For not liking politics, you "talk" it very well. Must be that family influence. I'm not very political, and love your description of a politician (humans who have had their blood sucked out and replaced with politics). An old woman I once knew said that politicians were people who were to "sorry" to be anything else. I don't know how an Aussie translates the word "sorry," but it didn't mean apologetic lol!
I'm glad your voting is done, and now you can just watch and see what happens.

Brissiemum2 said...

Rofl! Daughters the same age and now we vote the same!!! Baahaaa! You aren't a lost cousin, are you??!! I had no idea who I was voting for until the last minute but there was traffic chaos outside our voting booth and a line of about 100 people in front of me waiting to get marked off the role when I arrived, so I had a lot of time to think about it!

And pmsl @ Salina's voting advice! My son thought that Kevin '07 was the man purely because he went on Rove Live and that automatically made him 'cool'! Ahhh, if only it was that simple!!!

And I don't know how many trees were knocked down in the name of democracy during this election but if my letterbox was full of one more pamphlet hailing the wonders of whichever candidate it was advertising, I swear that the whole letterbox would have collapsed! Far out! What a waste of paper!

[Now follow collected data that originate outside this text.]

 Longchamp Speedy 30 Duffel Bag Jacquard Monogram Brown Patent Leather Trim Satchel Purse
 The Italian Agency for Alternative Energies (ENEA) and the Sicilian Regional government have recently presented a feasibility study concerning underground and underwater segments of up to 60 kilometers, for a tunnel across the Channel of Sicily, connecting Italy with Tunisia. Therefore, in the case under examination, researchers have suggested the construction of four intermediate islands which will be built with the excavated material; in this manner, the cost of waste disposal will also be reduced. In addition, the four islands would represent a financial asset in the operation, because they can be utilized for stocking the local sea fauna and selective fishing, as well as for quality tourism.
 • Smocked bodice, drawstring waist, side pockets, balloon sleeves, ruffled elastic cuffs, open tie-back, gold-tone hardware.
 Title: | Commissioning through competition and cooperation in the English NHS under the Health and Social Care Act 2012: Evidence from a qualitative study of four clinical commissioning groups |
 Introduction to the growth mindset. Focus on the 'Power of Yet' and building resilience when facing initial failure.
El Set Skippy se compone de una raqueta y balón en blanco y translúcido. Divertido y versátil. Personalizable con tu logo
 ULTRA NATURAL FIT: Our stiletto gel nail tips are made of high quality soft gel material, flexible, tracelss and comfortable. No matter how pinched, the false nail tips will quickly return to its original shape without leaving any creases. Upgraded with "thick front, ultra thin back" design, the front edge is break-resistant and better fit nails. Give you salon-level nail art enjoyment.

And I can thankfully say that our local candidate was ousted (although didn't quite make it to that shredder as it was too close to call!). I can honestly not tell you one thing that he has ever done for our electorate! How sad is that!

Oh and Channel 2 were ok but we switched halfway during the night cause they were actually behind time-wise. Channel 9 seemed to have the most up-to-date information as it was constantly changing!

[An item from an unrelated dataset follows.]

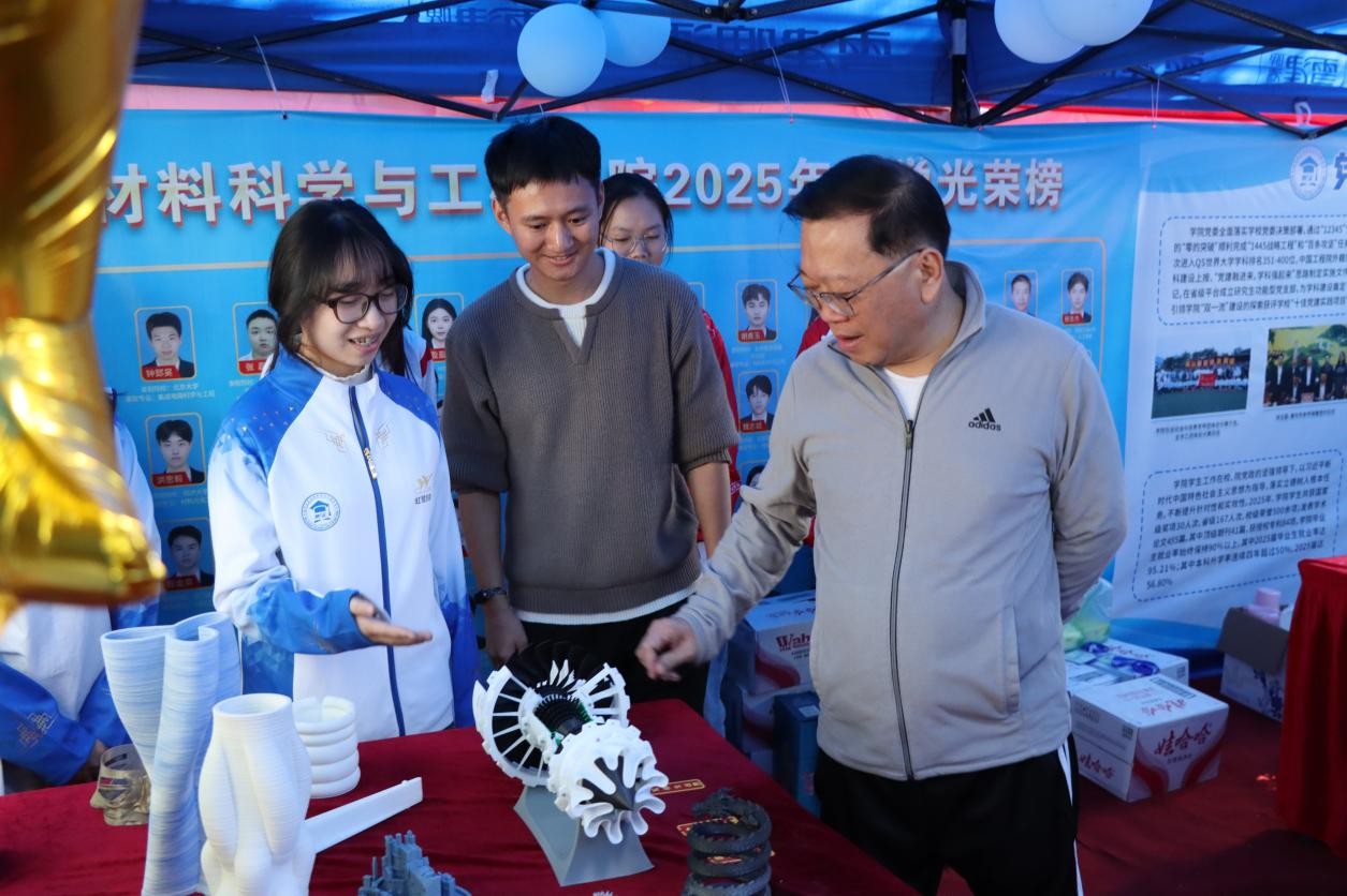 校党委陈国龙书记莅临成人动漫 运动会大本营,实地察看赛事组织情况。在大本营,陈国龙书记仔细询问赛事筹备、师生参与度等细节,与工作人员亲切交流并肯定大家的付出。途中,陈国龙书记驻足成人动漫 3D打印成果展示区,听取技术原理与学生创新实践介绍,对专业知识与校园活动的结合给予高度评价。领导们的关怀与嘱托,让全体师生备受鼓舞,处处激荡着奋勇拼搏、团结向上的澎湃激情。

And pmsl @ Magic Bellybutton! You need a jellybean for voting below the line. I took one look at it and decided that it would take far too long!

Oh and what ever happened to the days when politicians did door knocks?

Jen at Semantically driven said...

I voted below the line. It was only 46 in South Australia so not TOO hard. I have found myself standing there trying to figure out which number I'm up to and trying to figure out who should be the last one.

jeanie said...

Congratulations to MagicBellybutton and Jen, you the below the line voters - I did actually look at all the party names before I closed my eyes and chose - does that make me more politically aware?

LOL - I did make sure I would definitely miss a few of those parties. If I had voted below the line, I think I would have started with 65 and gone backwards.

Too funny, BrissieMum2. Unfortunately I ran the gauntlet of the Lib and ALP HTV hander-outerers and whoops - straight to the front of the line. Even got to choose who would hand me my card!

Shelley - I chose not to believe there is much soul left by the time the pollies have made it through local branches and risen to the lofty heights of candidate, but I do understand the processes. It makes it sadder in a way.